* About this exercise
Go through the records and restate them word for word, omitting images.

Source data below:

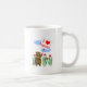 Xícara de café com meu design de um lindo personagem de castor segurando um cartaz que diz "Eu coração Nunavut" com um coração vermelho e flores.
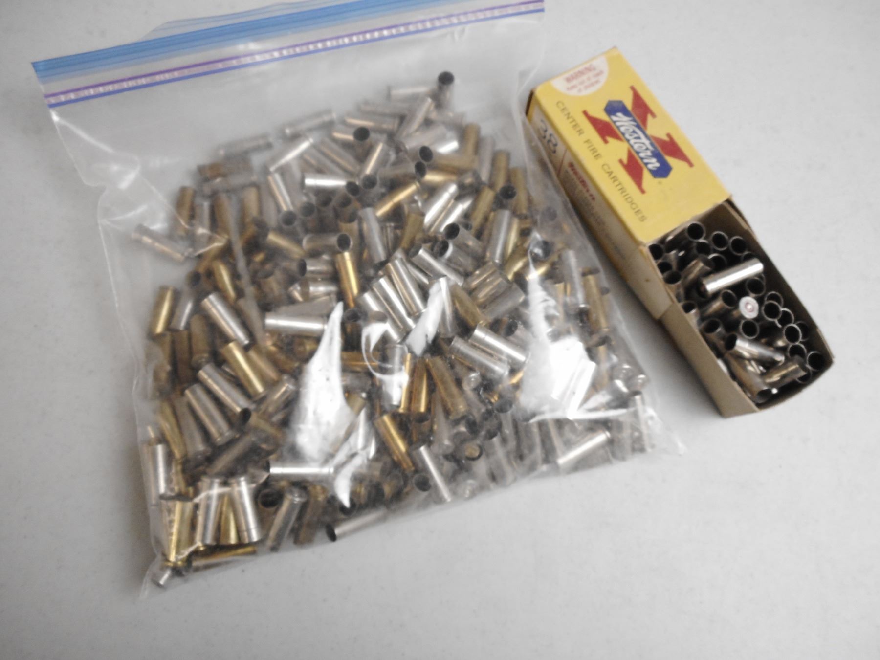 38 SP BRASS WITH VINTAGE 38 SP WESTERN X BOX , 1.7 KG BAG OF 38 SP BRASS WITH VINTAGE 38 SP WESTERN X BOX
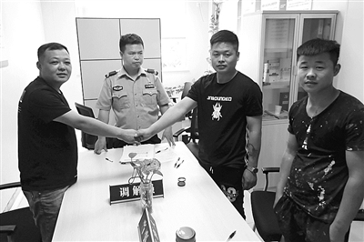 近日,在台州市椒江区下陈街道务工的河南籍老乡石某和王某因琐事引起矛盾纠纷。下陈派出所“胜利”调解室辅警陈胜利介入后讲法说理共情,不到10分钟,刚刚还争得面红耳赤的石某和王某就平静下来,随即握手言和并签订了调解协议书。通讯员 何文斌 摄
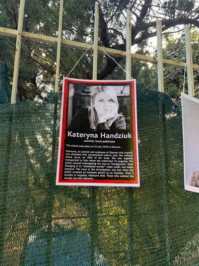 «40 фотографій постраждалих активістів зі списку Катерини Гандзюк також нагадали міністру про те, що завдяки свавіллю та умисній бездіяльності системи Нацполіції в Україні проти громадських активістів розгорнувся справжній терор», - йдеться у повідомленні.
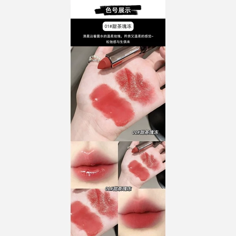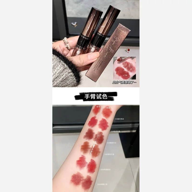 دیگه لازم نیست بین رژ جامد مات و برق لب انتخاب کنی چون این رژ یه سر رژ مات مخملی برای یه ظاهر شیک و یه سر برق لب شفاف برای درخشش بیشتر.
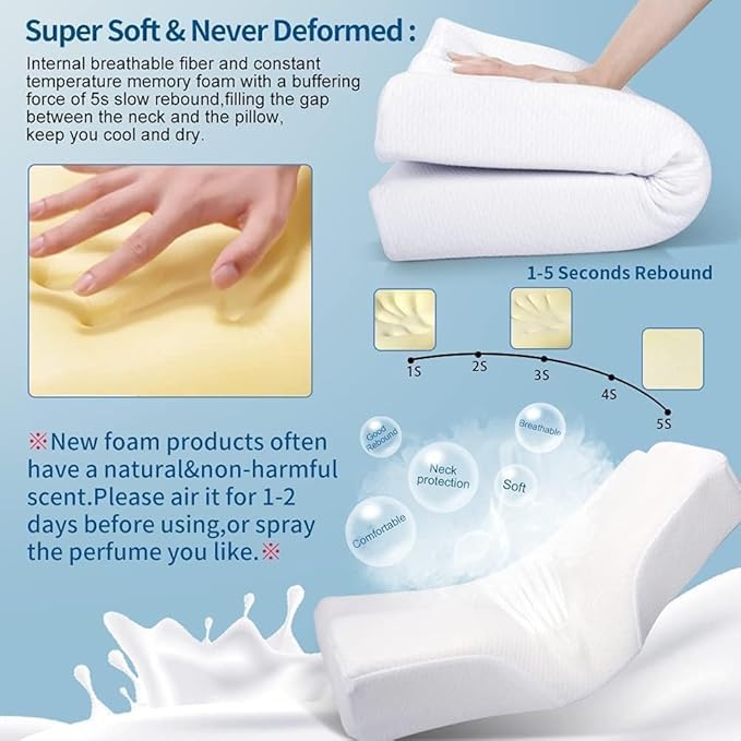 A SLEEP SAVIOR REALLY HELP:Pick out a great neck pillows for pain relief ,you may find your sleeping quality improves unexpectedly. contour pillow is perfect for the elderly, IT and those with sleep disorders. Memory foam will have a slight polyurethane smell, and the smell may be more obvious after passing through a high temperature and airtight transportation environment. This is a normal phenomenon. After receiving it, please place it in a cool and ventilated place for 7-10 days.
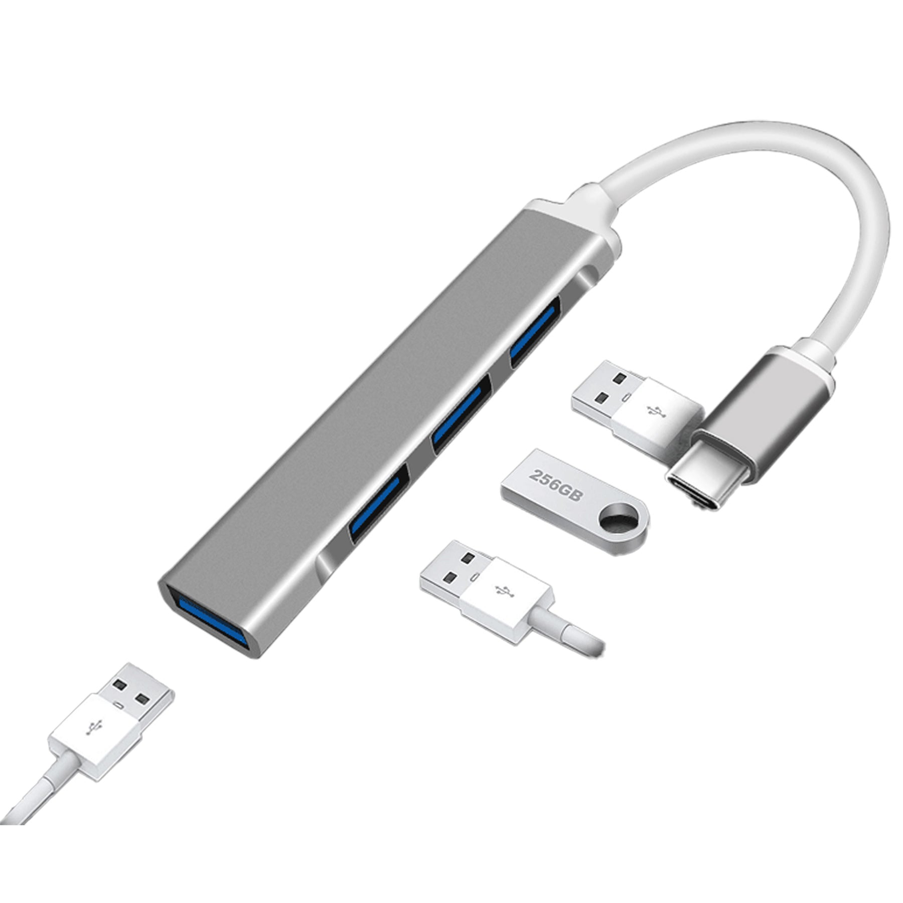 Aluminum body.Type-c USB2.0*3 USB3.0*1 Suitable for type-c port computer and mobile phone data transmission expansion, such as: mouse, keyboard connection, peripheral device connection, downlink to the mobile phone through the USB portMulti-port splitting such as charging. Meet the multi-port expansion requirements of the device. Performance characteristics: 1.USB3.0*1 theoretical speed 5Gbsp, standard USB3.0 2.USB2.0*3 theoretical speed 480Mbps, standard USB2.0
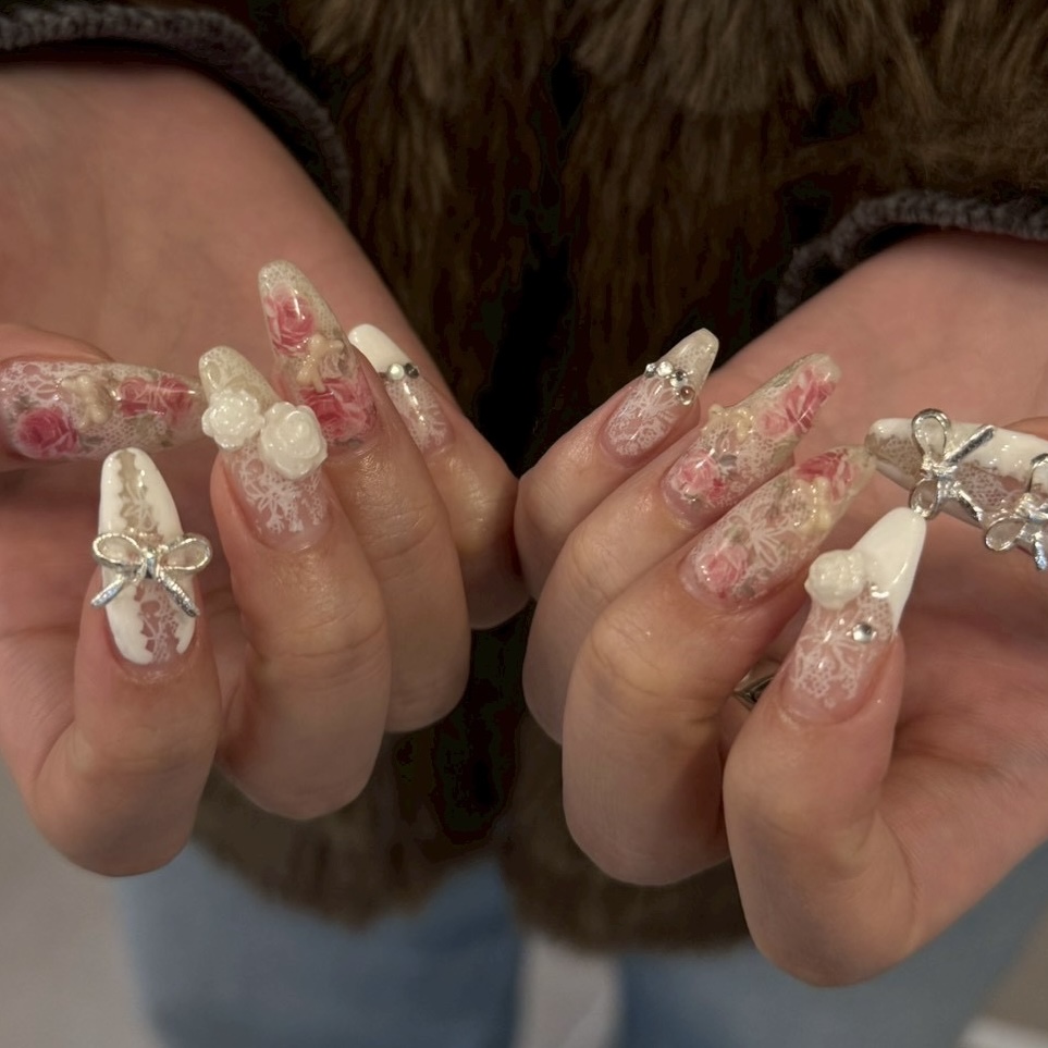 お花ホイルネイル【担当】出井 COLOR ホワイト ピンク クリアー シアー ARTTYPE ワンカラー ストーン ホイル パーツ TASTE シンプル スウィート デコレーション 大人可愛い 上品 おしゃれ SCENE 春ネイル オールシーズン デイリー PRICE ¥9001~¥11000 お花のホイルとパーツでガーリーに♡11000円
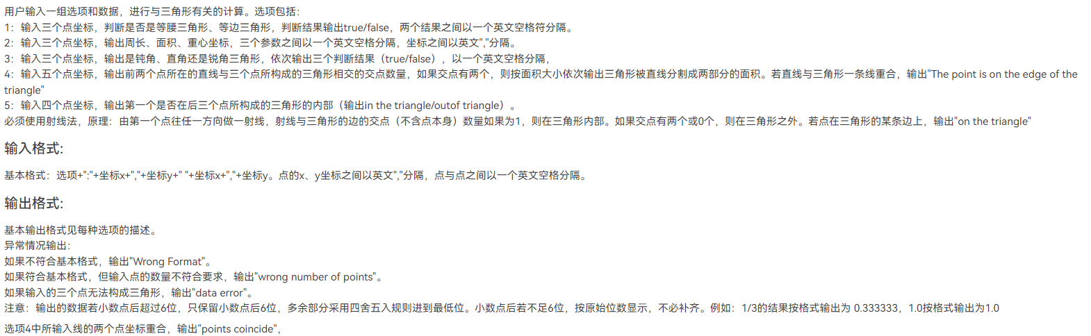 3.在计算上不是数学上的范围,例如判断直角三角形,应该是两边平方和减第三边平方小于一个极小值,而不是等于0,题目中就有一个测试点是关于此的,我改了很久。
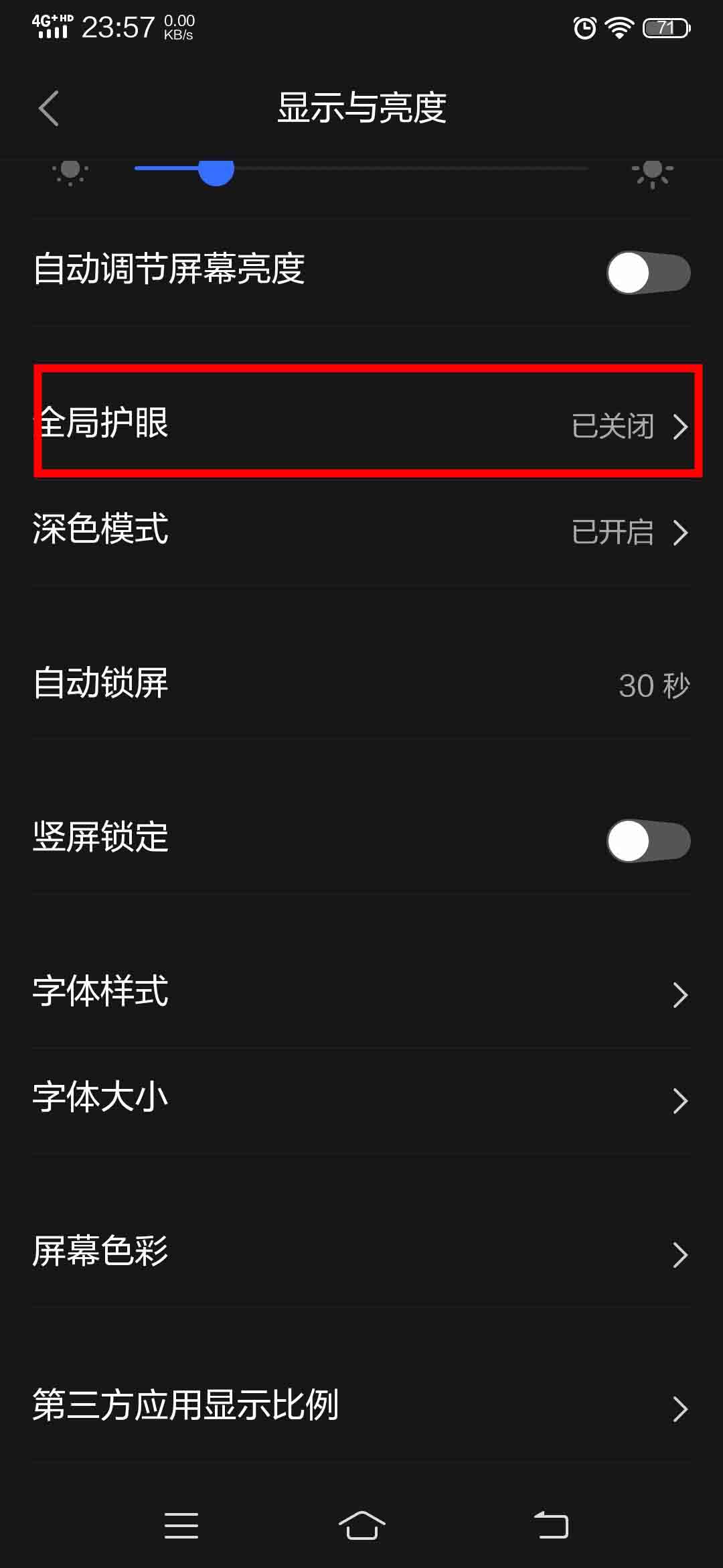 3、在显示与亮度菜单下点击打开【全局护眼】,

End of Source data.

* Answer to this problem
 Xícara de café com meu design de um lindo personagem de castor segurando um cartaz que diz "Eu coração Nunavut" com um coração vermelho e flores.
 38 SP BRASS WITH VINTAGE 38 SP WESTERN X BOX , 1.7 KG BAG OF 38 SP BRASS WITH VINTAGE 38 SP WESTERN X BOX
 近日,在台州市椒江区下陈街道务工的河南籍老乡石某和王某因琐事引起矛盾纠纷。下陈派出所“胜利”调解室辅警陈胜利介入后讲法说理共情,不到10分钟,刚刚还争得面红耳赤的石某和王某就平静下来,随即握手言和并签订了调解协议书。通讯员 何文斌 摄
 «40 фотографій постраждалих активістів зі списку Катерини Гандзюк також нагадали міністру про те, що завдяки свавіллю та умисній бездіяльності системи Нацполіції в Україні проти громадських активістів розгорнувся справжній терор», - йдеться у повідомленні.
 دیگه لازم نیست بین رژ جامد مات و برق لب انتخاب کنی چون این رژ یه سر رژ مات مخملی برای یه ظاهر شیک و یه سر برق لب شفاف برای درخشش بیشتر.
 A SLEEP SAVIOR REALLY HELP:Pick out a great neck pillows for pain relief ,you may find your sleeping quality improves unexpectedly. contour pillow is perfect for the elderly, IT and those with sleep disorders. Memory foam will have a slight polyurethane smell, and the smell may be more obvious after passing through a high temperature and airtight transportation environment. This is a normal phenomenon. After receiving it, please place it in a cool and ventilated place for 7-10 days.
 Aluminum body.Type-c USB2.0*3 USB3.0*1 Suitable for type-c port computer and mobile phone data transmission expansion, such as: mouse, keyboard connection, peripheral device connection, downlink to the mobile phone through the USB portMulti-port splitting such as charging. Meet the multi-port expansion requirements of the device. Performance characteristics: 1.USB3.0*1 theoretical speed 5Gbsp, standard USB3.0 2.USB2.0*3 theoretical speed 480Mbps, standard USB2.0
 お花ホイルネイル【担当】出井 COLOR ホワイト ピンク クリアー シアー ARTTYPE ワンカラー ストーン ホイル パーツ TASTE シンプル スウィート デコレーション 大人可愛い 上品 おしゃれ SCENE 春ネイル オールシーズン デイリー PRICE ¥9001~¥11000 お花のホイルとパーツでガーリーに♡11000円
 3.在计算上不是数学上的范围,例如判断直角三角形,应该是两边平方和减第三边平方小于一个极小值,而不是等于0,题目中就有一个测试点是关于此的,我改了很久。
 3、在显示与亮度菜单下点击打开【全局护眼】,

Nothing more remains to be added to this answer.